Early this morning, in the wee hours, Congressional Democrats hammered out a compromise with White House Officials on the final shape of the long-debated financial-overhaul legislation. The bill is expected to be approved by Congress next week and signed into law by the president no later than July 4.

The proposed legislation, quite simply, “deals with every single aspect of our lives,” said Senator Christopher Dodd (pictured), who was reported to be teary-eyed in announcing the compromise.

Many lawyers will also be crying tears of joy; the legislation promises to be a nice stimulus to a still moribund legal business.

By many accounts, the legislation is tougher on the banking industry than many expected. It includes new rules that:

• limit the ability of some banks to trade derivatives;

• create a consumer financial-protection bureau at the Federal Reserve to police banks and financial firms; and

• institute the “Volcker” rule, named after former Fed Reserve Chair Paul Volcker, which prohibits banks from making risky bets with their own funds.

Here are accounts of the compromise from Bloomberg Businesweek; WSJ; and the Washington Post.

Do litigators get anything out of this legislation? You becha.

For starters, the legislation would allow investors to sue credit-rating firms for a “knowing or reckless” failure to conduct a reasonable investigation. That is a higher liability bar than the one proposed in earlier versions of the legislation. A bill approved by the House in December, for example, would have required investors to merely show that a ratings company was “grossly negligent” in issuing a grade, Bloomberg reports.

We’ll flesh out more of the particulars in the days ahead.

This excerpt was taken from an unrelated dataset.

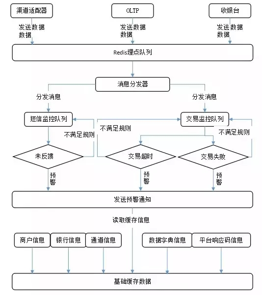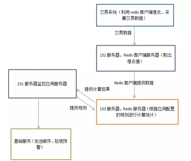 要做到实时分析,又不影响交易系统的响应时间,我们在系统各个模块中通过redis实时做数据埋点,然后将埋点数据汇总到分析系统,分析系统根据规则进行分析报警。
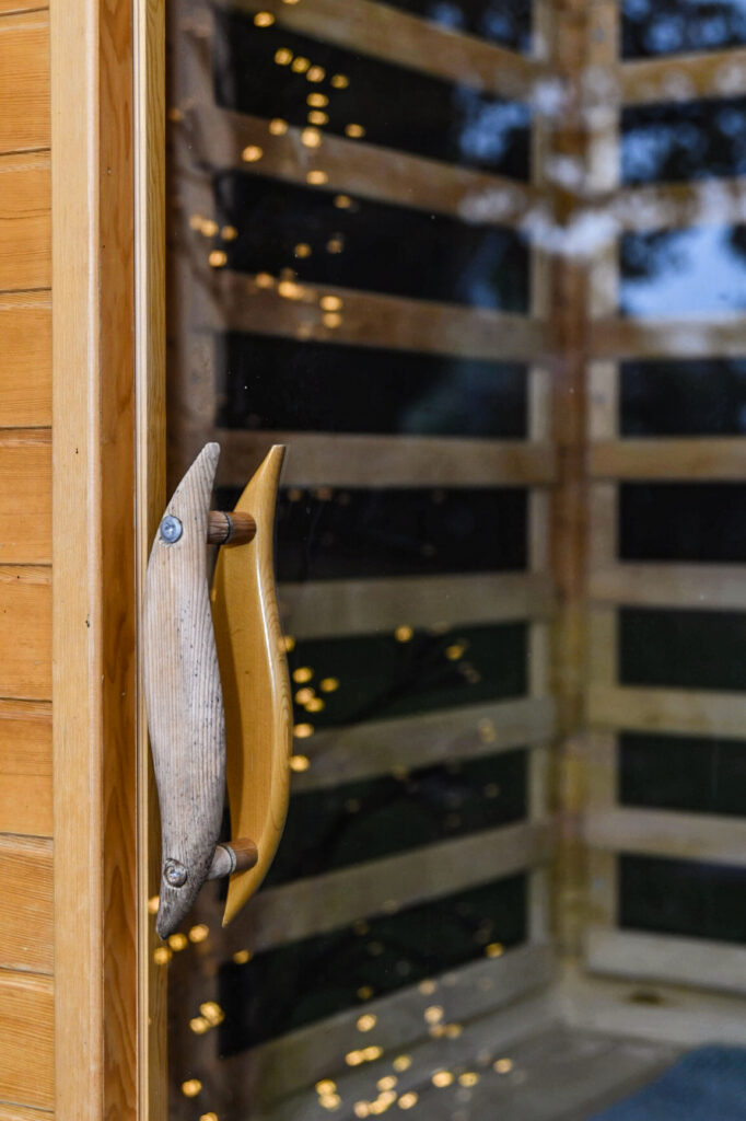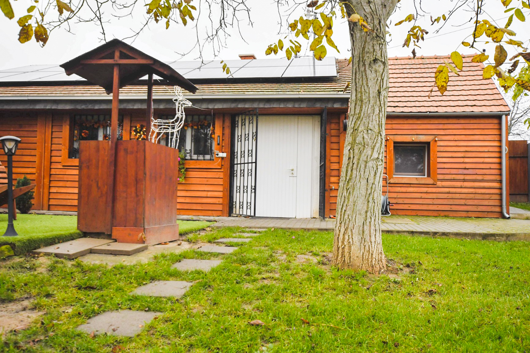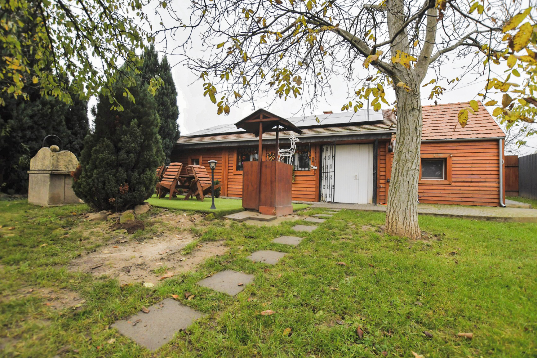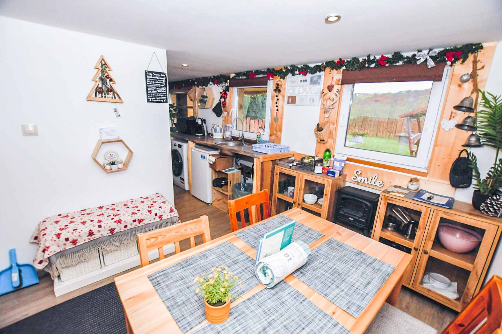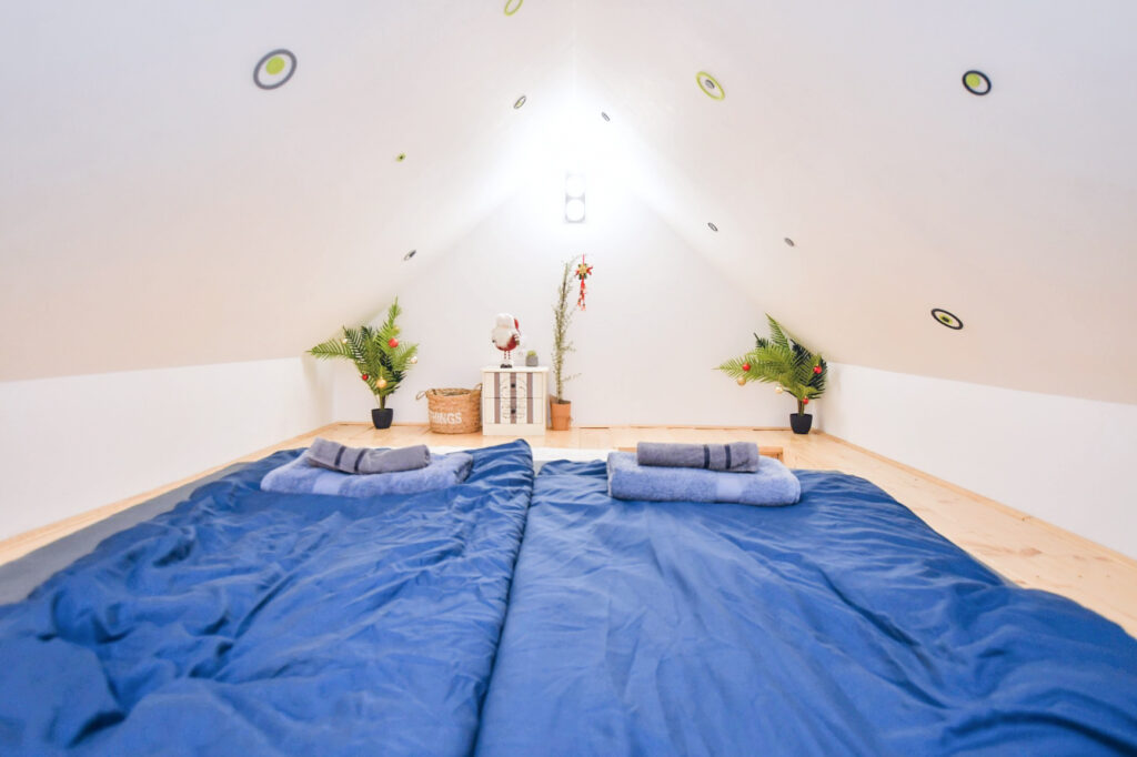 A zárt udvarban külön kerti bútorok, grillező, bográcsozási lehetőség és fedett jacuzzi (egész évben) szolgálja a kellemes pihenést. Igazi kis világ elől elbújós kuckó, tökéletes pároknak, vagy pedig aki egyedül szeretne egy kicsit elbújni! Erdőre néző kilátás, reggelente őzikéket is láthatunk, ahogy sétálgatnak a kerítés túloldalán.

Finally, here’s an awesome window into last night’s (and this morning’s) sausage making, courtesy of WaPo:

The cavernous Dirksen 106 conference room remained packed at [2:30 a.m.], but it was a chaotic and cluttered mass of humanity. Lawmakers had stopped trying to conceal their yawns. Aides who had worn down their BlackBerry batteries recharged them for the home stretch. Trash cans spilled over with coffee cups and sandwich wrappers. Empty Fritos bags and plastic Diet Coke bottles littered the room, along with reams of paper — old amendments, new amendments, handwritten amendments, amendments to amendments. “So much for the paperless society,” Barney Frank quipped at one point.